Clamtones was an American folk rock group, and Jeffrey Frederick's most notable band. Most of the band's lineup also performed with The Holy Modal Rounders at one point.

Biography 
Although songwriter and musician, Jeffrey Frederick, organized his first Clamtones band in Vermont during the early 1970s, the best-known incarnation of the band was based out of Portland, Oregon.  The Clamtones usually comprised Frederick (vocals and guitar); Jill Gross (vocals); Robin Remaily (mandolin, fiddle, guitar, other strings); Richard Tyler (piano); Dave Reisch (bass); Teddy Deane (woodwinds and horns); and Roger North (drums).  As the Clamtones, Gross, Reisch and Remaily joined Frederick, Peter Stampfel, Michael Hurley and friends on the 1976 Have Moicy! (Rounder Records).  However, the definitive studio recording of the full band was the following year's Spiders In The Moonlight. Some of the tracks from that album and from Have Moicy! were included in the 2003 Rounder compilation album, I Make A Wish For A Potato.  In 2007, the original album was digitally remastered, and three studio tracks from the later Jeffrey Frederick Band were added, and the work republished on CD as Resurrection of Spiders In The Moonlight.

Jeffrey Frederick & The Clamtones B.C. (Frederick Productions, 2005) was a remastered effort taken from a 1976 radio broadcast of their show at Rohan's Roadhouse in Vancouver, British Columbia, Canada.

The Clamtones were part of an unusual arrangement in which the same band members played by that name when Frederick took the stage, but as the Holy Modal Rounders when Steve Weber fronted the band, typically as alternative sets in the same show. Weber's portion of the above-referenced Vancouver performance has been released as Steve Weber, The Holy Modal Rounders, B.C. (Frederick Productions, 2005). Clamtones, without Frederick and Gross, also performed on the Holy Modal Rounder's Adelphi recording, Last Round.
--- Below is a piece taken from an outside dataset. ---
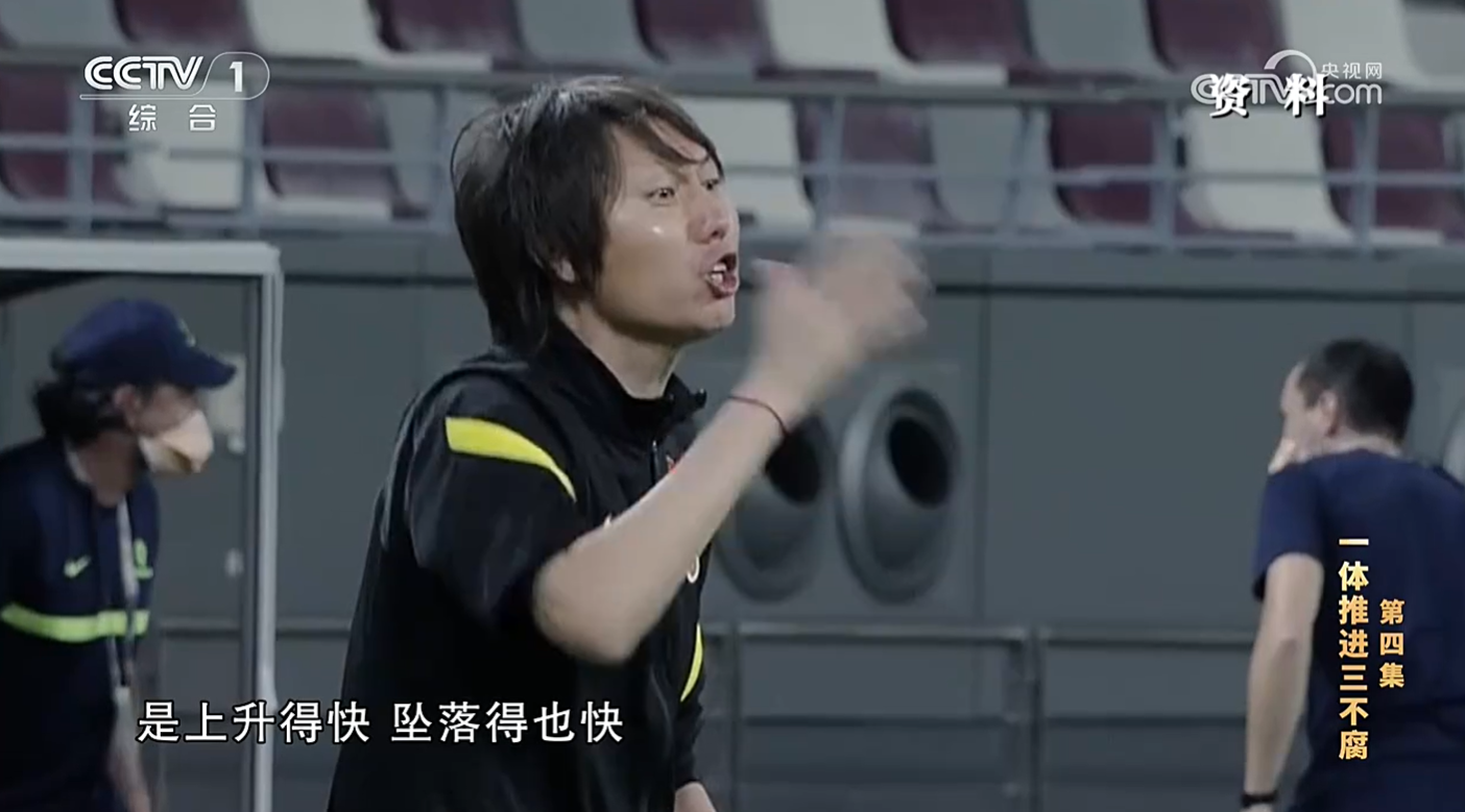 【解說詞】而之所以不正之風(fēng)在足壇不斷滋長蔓延,一個(gè)重要原因是,本該負(fù)起監(jiān)管職責(zé)的中國足協(xié),多年來有多名干部自身抵不住誘惑,被裹挾進(jìn)俱樂部的資本游戲,不僅對彌漫的歪風(fēng)邪氣放任不管,甚至主動(dòng)利用職權(quán)幫助俱樂部在保級、準(zhǔn)入、裁判判罰、賽程安排等多個(gè)方面謀取不正當(dāng)利益。

Although Frederick and Tyler are deceased, the rest of the Clamtones continue to be musically active.  When he is not touring with Michael Hurley, backing the Holy Modal Rounders or on some other project, Reisch sings and plays bass with the Freak Mountain Ramblers, along with North on percussion.  Remaily also plays with them on occasion, at Holy Modal Rounders reunions, as well as with a number of musical collectivities on the Oregon Coast.  Deane had an active theatrical and musical career in Portland, most notably leading the Swingline Cubs, a seven piece swing band. He continued to play and sing, currently as part of the duo, the Play-Rite Boys.  In 2008, he recorded a new album of original songs, So Far So Good, with the remaining Clamtones and others. Gross performs from time to time in the Boston, Massachusetts area, and appeared on Michael Hurley's album, Sweetkorn, as well as on the tribute album, St. Jeffrey's Day: The Songs Of Jeffrey Frederick, Volume One (2008).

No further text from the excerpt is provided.